INTERVIEW

〈EDMの名門スピニンをスピンする!〉Part.1―スピニンの音源を使ったミックスCDをリリースしたYAMATO×SHINTARO対談

〈EDMの名門スピニンをスピンする!〉Part.1―スピニンの音源を使ったミックスCDをリリースしたYAMATO×SHINTARO対談

 99年に設立されたオランダのスピニンは、もともと良質なトランスやフィルター・ハウス、テクノ、エレクトロ・ハウスなどをリリースする、インディーのダンス・ミュージック・レーベルだった。

 そんなレーベルに変化があったのが2010年から2011年のこと。それまでトランスやプログレッシヴ・ハウスをベースとしていたシドニー・サムソンや、渋めのテクノを作っていたアフロジャックニッキー・ロメロなどのアクトが、タフなダッチ・ビートとトランスのメロディーやテクノの派手な飛び音をミックスしていき、いまのEDM(特にビッグルーム・ハウスと呼ばれるオランダ勢が得意とするサウンド)が形成される。インストではボビー・バーンズ&シドニー・サムソン“Countdown”、歌モノではハード・ロック・ソファー“True Emotion”でその萌芽が生まれ、ファイアービーツ“Funky Shit”やマニュエル・デ・ラ・マーレ&ルカ・モンティチェッリ“Guerrilla”で完全にスタイルが確立された。その後、ニッキー・ロメロの代表曲“Toulouse”を皮切りに、バストシャーマノロジーリハブマーティン・ギャリックスディミトリ・ヴェガス&ライク・マイクダブヴィジョンショウテックなど、いまをときめくタレントが話題曲を発表し、特に2013年にはアンセムを連発して大ブレイク。さらにジャスティン・ビーバーのマネージャーであるスクーター・ブラウンと連携し、マーティン・ギャリックスをスターダムに押し上げたほか、数多くのレーベルと提携を結ぶなど、一大レーベルへと成長を遂げたのである。

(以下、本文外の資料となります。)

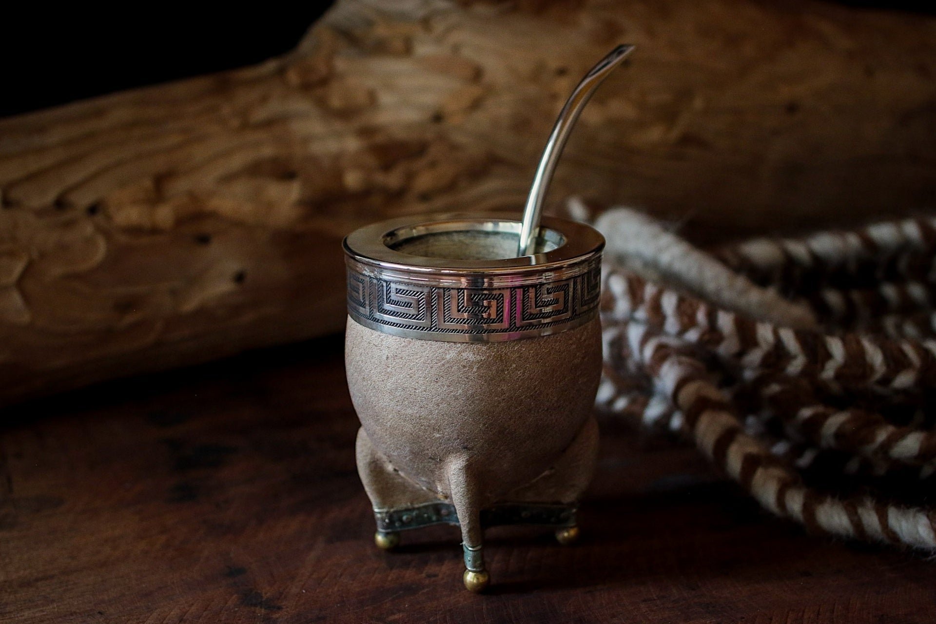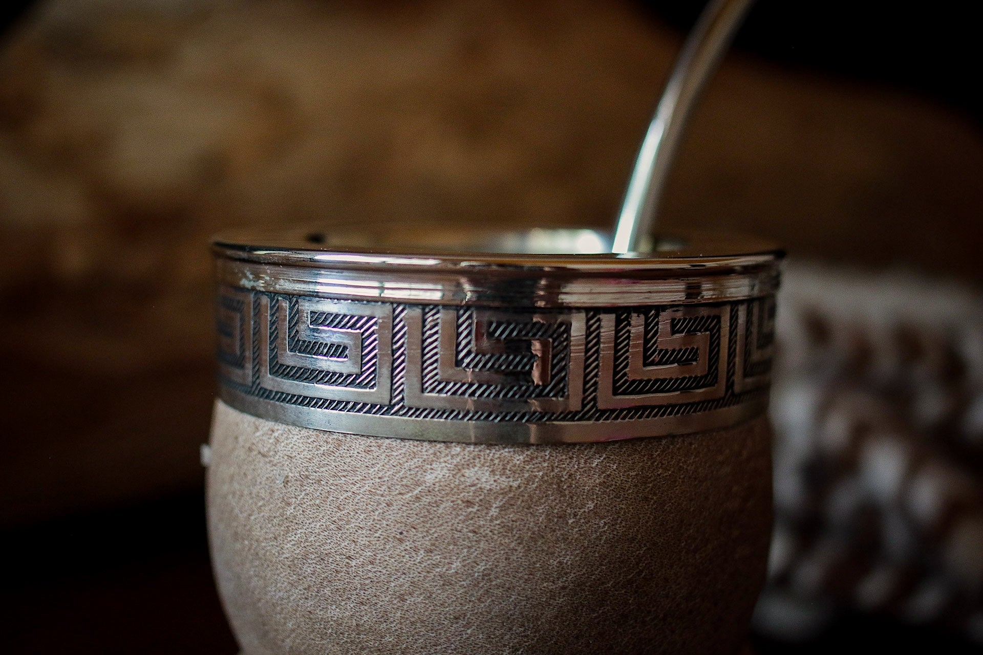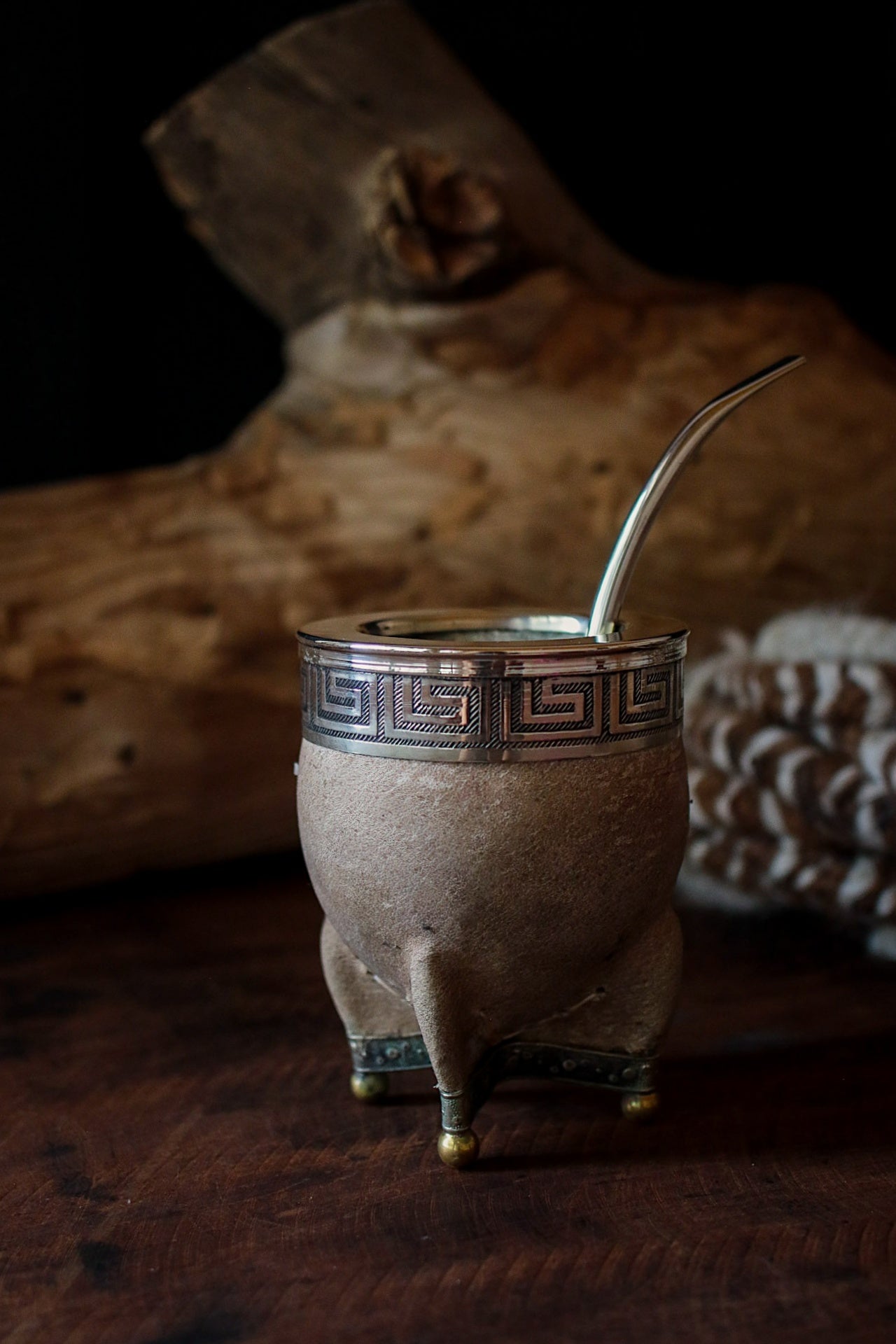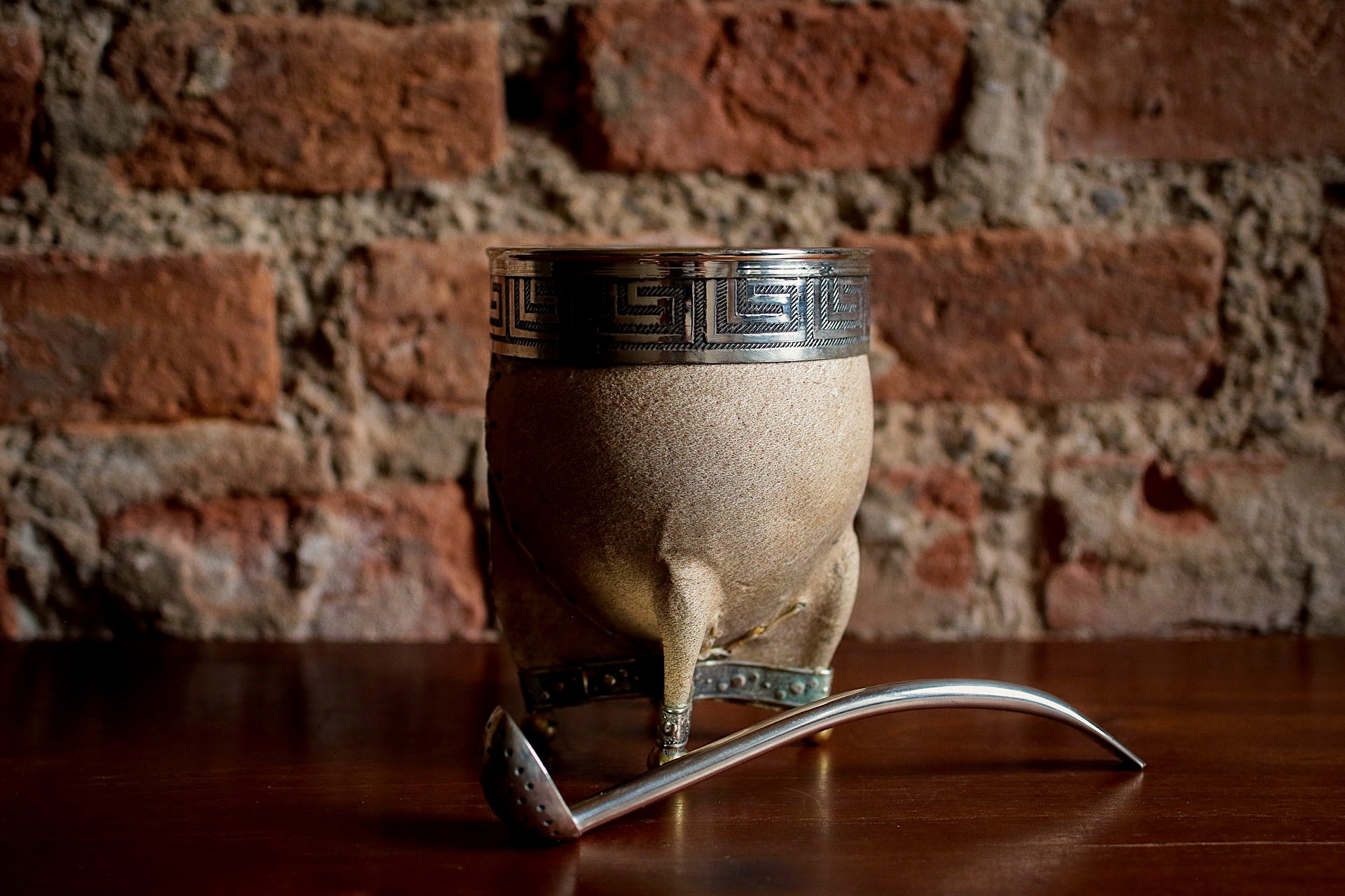 Mate de Cuero con Base de Alpaca y Bronce con Bombilla

 そんななか、今回DJのYAMATOSHINTAROが、スピニンの音源を使ったミックスCDを立て続けにリリース。そこでカラーの異なる2枚のミックスCDを軸として対談を実施し、世界をめざして奮闘しているお互いの現在を語り合ってもらった。

 

VARIOUS ARTISTS SPINNIN' IN THE MIX mixed by YAMATO FARM(2015)

VARIOUS ARTISTS SPINNIN' IN THE MIX mixed by DJ SHINTARO FARM(2015)

 

ターミネーターで例えると

――アンセミックなトラックの多いスピニンだけに、ノリや選曲が被らないかなと心配だったんですが、どちらもテイストがガラっと違ってて大変興味深かったです。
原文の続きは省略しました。